Isolation of RNA

The methods used for RNA isolation are very similar to those described for DNA; however, RNA molecules are relatively short and therefore less easily damaged by shearing, so cell disruption can be more vigorous. RNA is, however, very vulnerable to digestion by RNases.
which are present endogenously in various concentrations in certain cell types and exogenously on fingers. Gloves should therefore be worn and a strong detergent should be included in the isolation medium to denature immediately any RNases. Subsequent deproteinisation should be particularly rigorous, since RNA is often tightly associated with proteins.

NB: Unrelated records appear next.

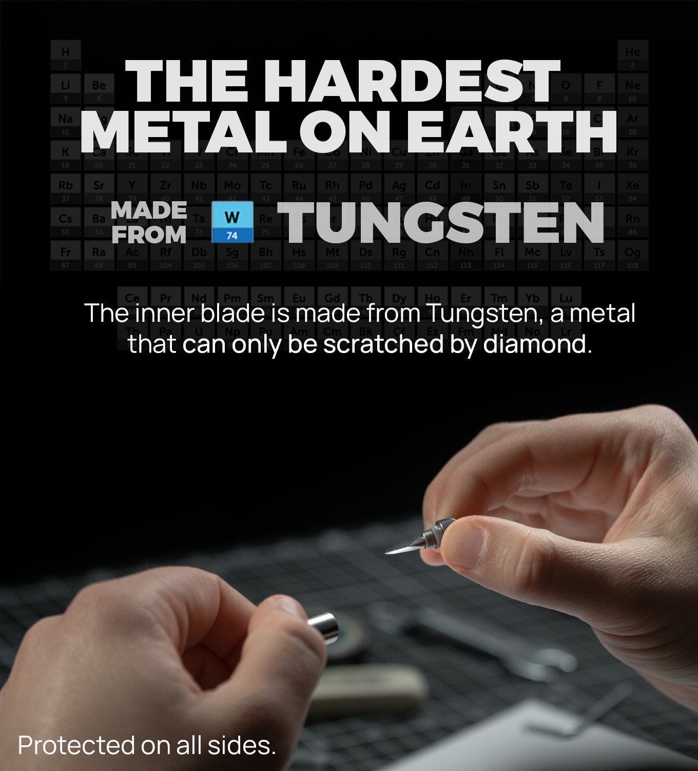 Super tiny Tungsten blade that never dulls and lives on your keys.
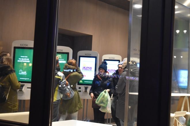 マクドは、画面上で注文して、カードで払うか現金で払うか選択を迫られ、現金は奥の窓口で支払うシステム。現金払いコーナーには人員は一人だけ。
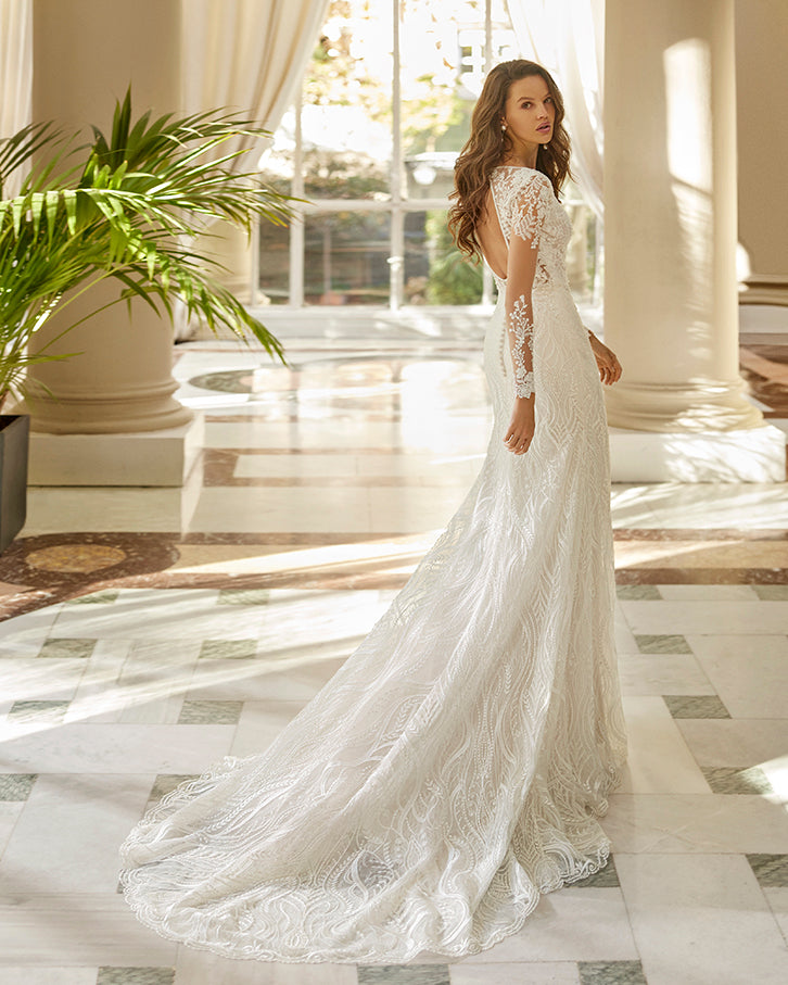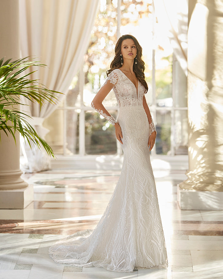 Youthful mermaid-style wedding dress, entirely made of lace embellished with beadwork appliqués. Aire Barcelona dress with a V-neckline, an open back, and long sleeves with beadwork appliqués.
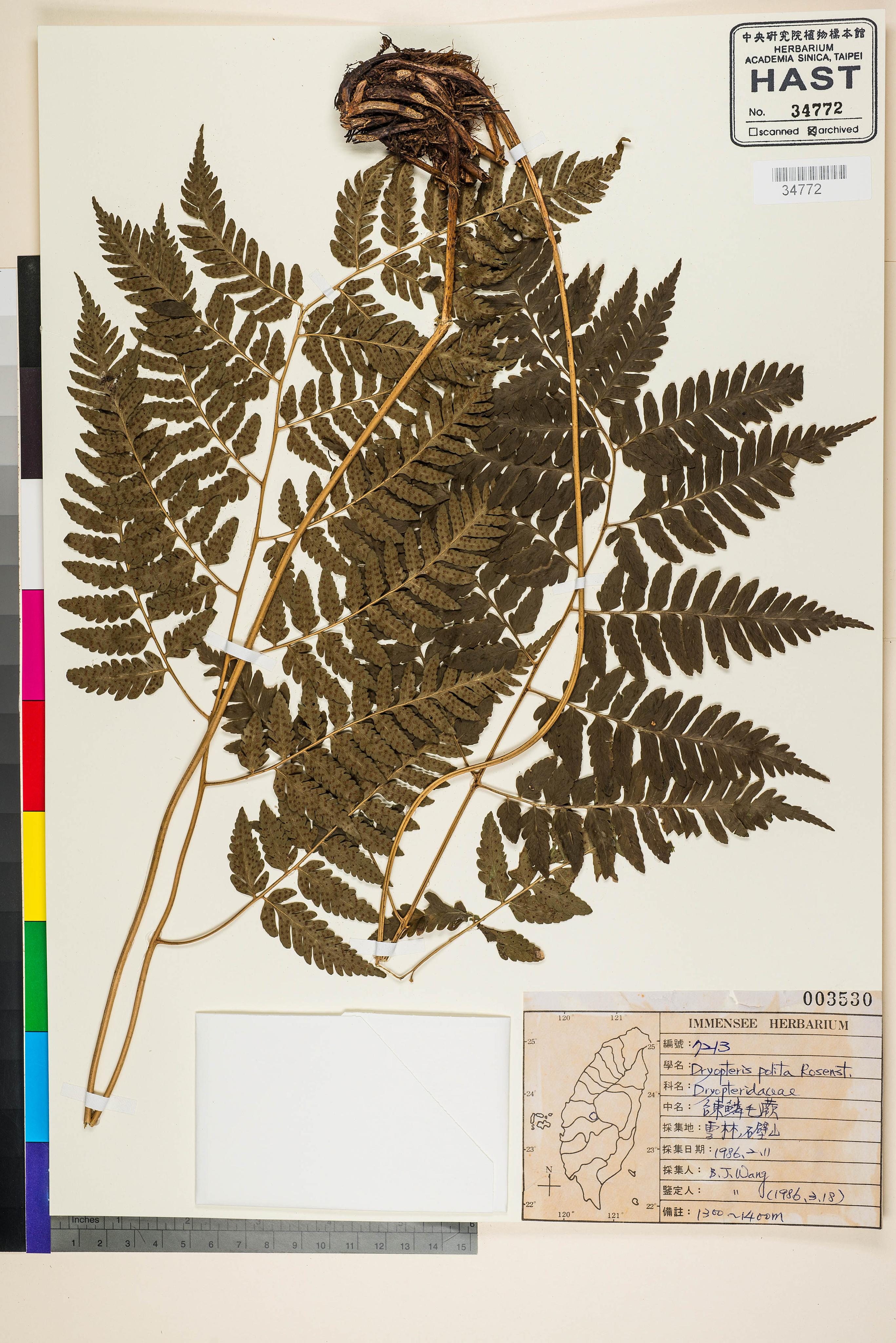 | 1 | Dryopteris polita Rosenst. | 台東鱗毛蕨 | Wang, Bi-Jao (王弼昭) | 1986-03-18 |

DNase treatment can be used to remove DNA and RNA can be precipitated by ethanol. One reagent in which is commonly used in RNA extraction is guanadinium thiocyanate, which is both a strong inhibitor of RNase and a protein denaturant. It is possible to check the integrity of an RNA extract by analysing it by agarose gel electrophoresis.

The most abundant RNA species are rRNA molecules, 23S and 16S for prokaryotes and 18S and 28S for eukaryotes. These appear as discrete bands on the agarose gel and indicate that the other RNA components are likely to be intact. This is usually carried out under denaturing conditions to prevent secondary structure formation in the
RNA. The concentration of the RNA may be estimated by using UV spectrophotometry. At 260 nm, 1 absorbance unit equates to 40 μgml^-1 of RNA and therefore :
40 *  A₂₆₀ = concentration of RNA sample (μgml^-1)

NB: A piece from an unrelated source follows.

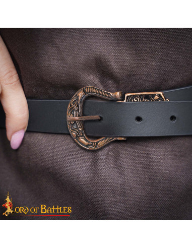 The reinforced central bar and custom-designed tongue ensure a secure latch, translating into safety during long days or dynamic activities. Its solid construction prevents unwanted movements, making it easy for your belt to maintain the shape and fit intended, both in period looks and modern combinations.
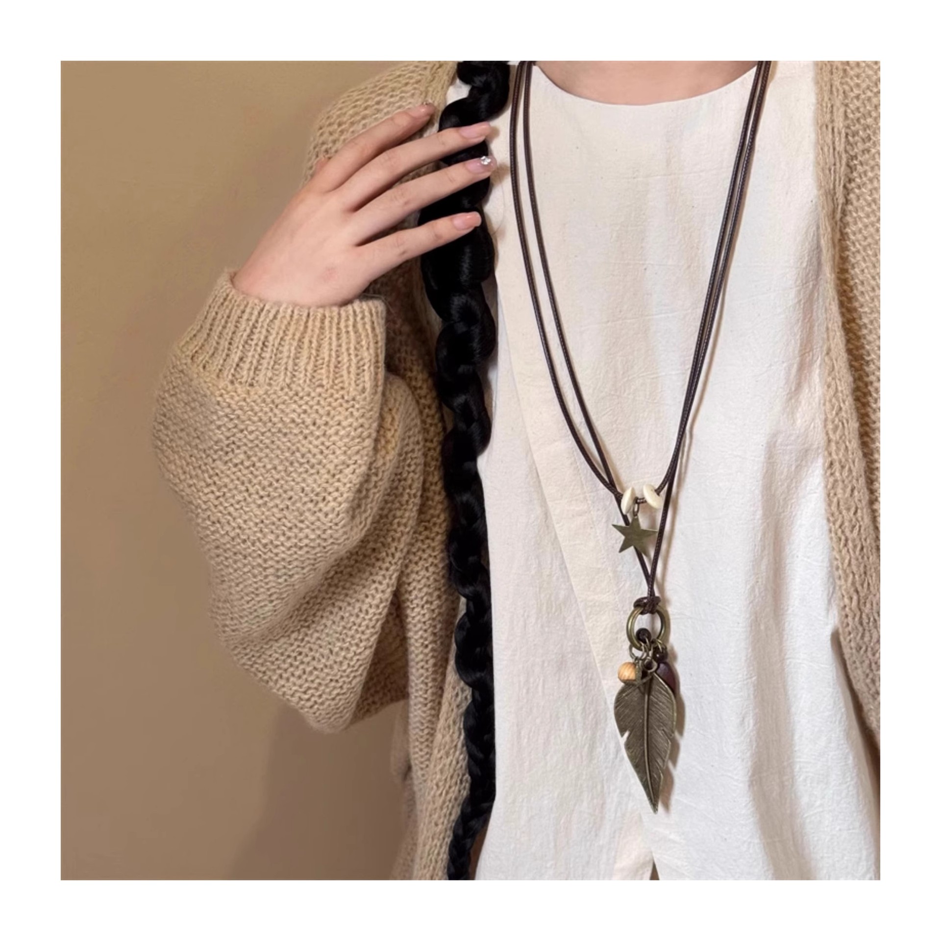 새로운 중국 선 긴 스웨터 목걸이 여성 더블 레이어 복고풍 민족 스타일 구슬 목걸이 틈새 깃털 쇄골 체인

Contaminants may also be identified in the same way as for DNA by scanning UV spectrophotometry; however, in the case of RNA a 260 nm:280nm ratio of approximately 2 would be expected for a sample containing no contamination.

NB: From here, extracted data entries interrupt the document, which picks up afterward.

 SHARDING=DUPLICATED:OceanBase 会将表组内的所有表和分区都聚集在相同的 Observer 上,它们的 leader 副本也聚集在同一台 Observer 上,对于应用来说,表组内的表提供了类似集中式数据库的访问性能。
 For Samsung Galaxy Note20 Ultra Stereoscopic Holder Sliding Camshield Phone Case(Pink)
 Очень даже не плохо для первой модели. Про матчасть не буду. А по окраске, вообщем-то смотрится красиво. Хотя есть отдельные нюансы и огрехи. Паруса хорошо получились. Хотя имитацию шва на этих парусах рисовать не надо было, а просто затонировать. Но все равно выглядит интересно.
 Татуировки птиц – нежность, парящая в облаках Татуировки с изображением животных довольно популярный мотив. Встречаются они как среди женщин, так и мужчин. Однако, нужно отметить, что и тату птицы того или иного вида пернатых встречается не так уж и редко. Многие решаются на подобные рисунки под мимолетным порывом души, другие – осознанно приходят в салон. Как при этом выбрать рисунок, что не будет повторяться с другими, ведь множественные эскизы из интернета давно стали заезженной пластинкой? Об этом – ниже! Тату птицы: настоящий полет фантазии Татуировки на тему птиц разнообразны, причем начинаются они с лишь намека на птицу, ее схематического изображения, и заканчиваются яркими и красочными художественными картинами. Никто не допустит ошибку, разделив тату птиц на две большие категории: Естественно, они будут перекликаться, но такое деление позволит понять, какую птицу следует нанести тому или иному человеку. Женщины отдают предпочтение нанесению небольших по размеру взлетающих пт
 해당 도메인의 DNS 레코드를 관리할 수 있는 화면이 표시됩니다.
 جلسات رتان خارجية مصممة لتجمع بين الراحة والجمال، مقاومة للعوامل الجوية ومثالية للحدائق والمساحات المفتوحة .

In many cases, it is desirable to isolate eukaryotic mRNA, which constitutes only 2–5% of cellular RNA, from a mixture of total RNA molecules. This may be carried out by affinity chromatography on oligo (dT)-cellulose columns. At high salt concentrations, the mRNA containing poly(A) tails binds to the complementary oligo(dT) molecules of
the affinity column and so mRNA will be retained; all other RNA molecules can be washed through the column with further high-salt solution. Finally, the bound mRNA can be eluted using a low concentration of salt. Nucleic acid species may also be subfractionated by more physical means such as electrophoretic or chromatographic separations based on differences in nucleic acid fragment sizes or physicochemical characteristics.